Start of Extracted entries
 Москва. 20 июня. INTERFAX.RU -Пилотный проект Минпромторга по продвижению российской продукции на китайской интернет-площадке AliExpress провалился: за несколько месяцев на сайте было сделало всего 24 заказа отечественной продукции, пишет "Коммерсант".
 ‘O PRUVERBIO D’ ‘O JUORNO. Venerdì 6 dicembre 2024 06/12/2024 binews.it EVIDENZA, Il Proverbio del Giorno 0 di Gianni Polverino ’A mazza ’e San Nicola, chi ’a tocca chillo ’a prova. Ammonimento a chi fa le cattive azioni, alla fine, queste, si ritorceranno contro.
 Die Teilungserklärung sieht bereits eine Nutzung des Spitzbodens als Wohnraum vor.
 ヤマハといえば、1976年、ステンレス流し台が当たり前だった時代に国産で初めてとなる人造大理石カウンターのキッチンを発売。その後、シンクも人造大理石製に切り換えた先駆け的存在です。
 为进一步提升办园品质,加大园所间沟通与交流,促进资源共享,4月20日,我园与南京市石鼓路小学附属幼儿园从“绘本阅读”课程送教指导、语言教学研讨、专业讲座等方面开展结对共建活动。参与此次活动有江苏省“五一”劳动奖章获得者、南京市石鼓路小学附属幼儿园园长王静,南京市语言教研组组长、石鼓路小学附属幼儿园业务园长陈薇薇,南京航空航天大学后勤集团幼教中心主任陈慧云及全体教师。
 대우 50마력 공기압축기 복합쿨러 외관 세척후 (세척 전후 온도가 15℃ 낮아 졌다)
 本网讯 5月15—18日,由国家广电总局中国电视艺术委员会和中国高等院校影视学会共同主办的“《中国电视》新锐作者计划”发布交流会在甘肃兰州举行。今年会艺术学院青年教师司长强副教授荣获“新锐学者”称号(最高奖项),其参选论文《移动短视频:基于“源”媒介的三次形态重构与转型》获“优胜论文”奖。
End of Extracted entries
Start of Extracted entries
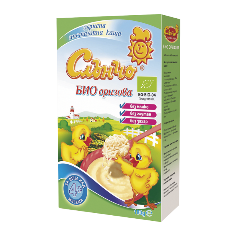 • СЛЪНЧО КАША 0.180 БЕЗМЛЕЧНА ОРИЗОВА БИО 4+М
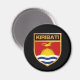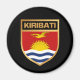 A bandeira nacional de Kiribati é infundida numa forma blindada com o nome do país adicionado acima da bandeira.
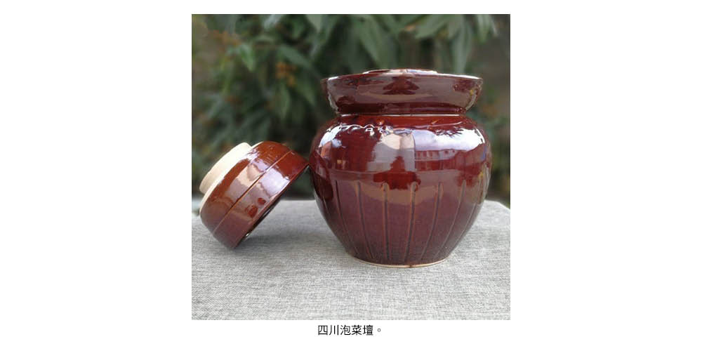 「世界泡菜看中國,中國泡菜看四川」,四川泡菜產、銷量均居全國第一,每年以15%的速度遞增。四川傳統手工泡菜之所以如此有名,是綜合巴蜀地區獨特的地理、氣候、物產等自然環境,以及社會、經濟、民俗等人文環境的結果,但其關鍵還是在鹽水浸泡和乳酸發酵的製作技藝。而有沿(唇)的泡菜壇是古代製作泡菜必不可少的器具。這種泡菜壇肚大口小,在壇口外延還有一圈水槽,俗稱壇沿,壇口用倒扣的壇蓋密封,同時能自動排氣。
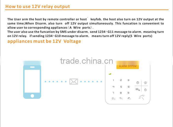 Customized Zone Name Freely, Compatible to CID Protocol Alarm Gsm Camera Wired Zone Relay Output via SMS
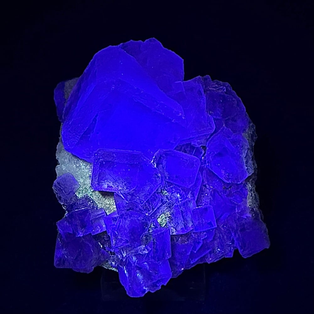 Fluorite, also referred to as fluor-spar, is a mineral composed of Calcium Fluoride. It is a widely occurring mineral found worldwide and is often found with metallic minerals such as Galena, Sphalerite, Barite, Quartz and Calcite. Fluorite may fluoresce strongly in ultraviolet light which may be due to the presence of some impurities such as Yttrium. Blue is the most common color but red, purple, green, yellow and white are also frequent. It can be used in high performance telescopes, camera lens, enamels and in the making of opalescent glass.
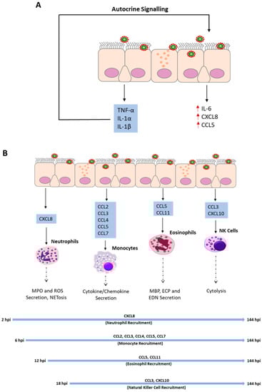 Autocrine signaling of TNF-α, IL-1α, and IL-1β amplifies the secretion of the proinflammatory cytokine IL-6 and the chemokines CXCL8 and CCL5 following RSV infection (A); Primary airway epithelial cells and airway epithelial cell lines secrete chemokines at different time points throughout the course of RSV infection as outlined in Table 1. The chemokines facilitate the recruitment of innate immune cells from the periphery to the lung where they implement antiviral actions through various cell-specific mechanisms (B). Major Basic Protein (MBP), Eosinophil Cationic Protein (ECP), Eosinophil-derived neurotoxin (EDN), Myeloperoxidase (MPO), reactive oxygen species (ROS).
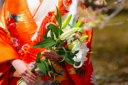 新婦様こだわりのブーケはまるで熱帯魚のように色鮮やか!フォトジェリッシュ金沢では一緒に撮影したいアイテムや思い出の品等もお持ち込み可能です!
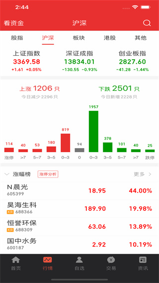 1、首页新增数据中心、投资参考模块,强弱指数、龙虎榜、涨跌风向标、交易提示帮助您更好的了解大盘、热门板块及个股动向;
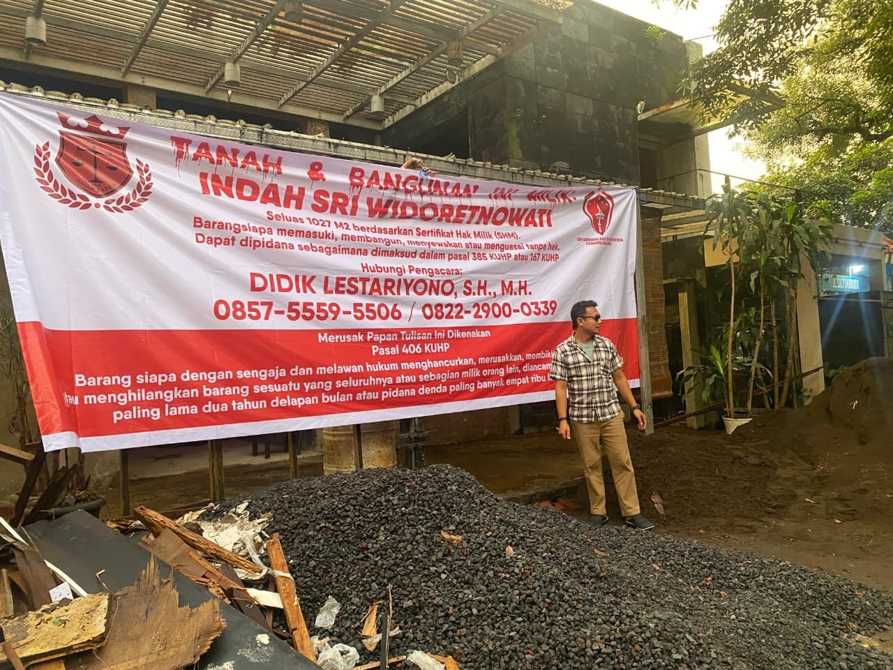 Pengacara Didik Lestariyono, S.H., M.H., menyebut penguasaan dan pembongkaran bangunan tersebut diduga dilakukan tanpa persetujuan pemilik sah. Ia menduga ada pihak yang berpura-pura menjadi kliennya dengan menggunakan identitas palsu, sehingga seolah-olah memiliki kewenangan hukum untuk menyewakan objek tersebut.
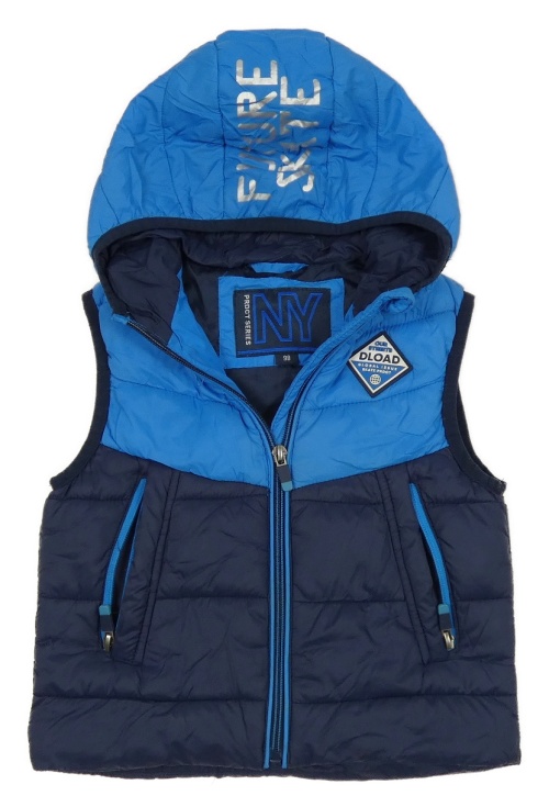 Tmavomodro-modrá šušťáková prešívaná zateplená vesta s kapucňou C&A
End of Extracted entries
### Task directions
Beginning with the line that has "Die Teilungserklärung sieht" and ending with the line that has "本网讯 5月15—18日,由", set down the lines above exactly and include no others.

### Solution to the problem
 Die Teilungserklärung sieht bereits eine Nutzung des Spitzbodens als Wohnraum vor.
 ヤマハといえば、1976年、ステンレス流し台が当たり前だった時代に国産で初めてとなる人造大理石カウンターのキッチンを発売。その後、シンクも人造大理石製に切り換えた先駆け的存在です。
 为进一步提升办园品质,加大园所间沟通与交流,促进资源共享,4月20日,我园与南京市石鼓路小学附属幼儿园从“绘本阅读”课程送教指导、语言教学研讨、专业讲座等方面开展结对共建活动。参与此次活动有江苏省“五一”劳动奖章获得者、南京市石鼓路小学附属幼儿园园长王静,南京市语言教研组组长、石鼓路小学附属幼儿园业务园长陈薇薇,南京航空航天大学后勤集团幼教中心主任陈慧云及全体教师。
 대우 50마력 공기압축기 복합쿨러 외관 세척후 (세척 전후 온도가 15℃ 낮아 졌다)
 本网讯 5月15—18日,由国家广电总局中国电视艺术委员会和中国高等院校影视学会共同主办的“《中国电视》新锐作者计划”发布交流会在甘肃兰州举行。今年会艺术学院青年教师司长强副教授荣获“新锐学者”称号(最高奖项),其参选论文《移动短视频:基于“源”媒介的三次形态重构与转型》获“优胜论文”奖。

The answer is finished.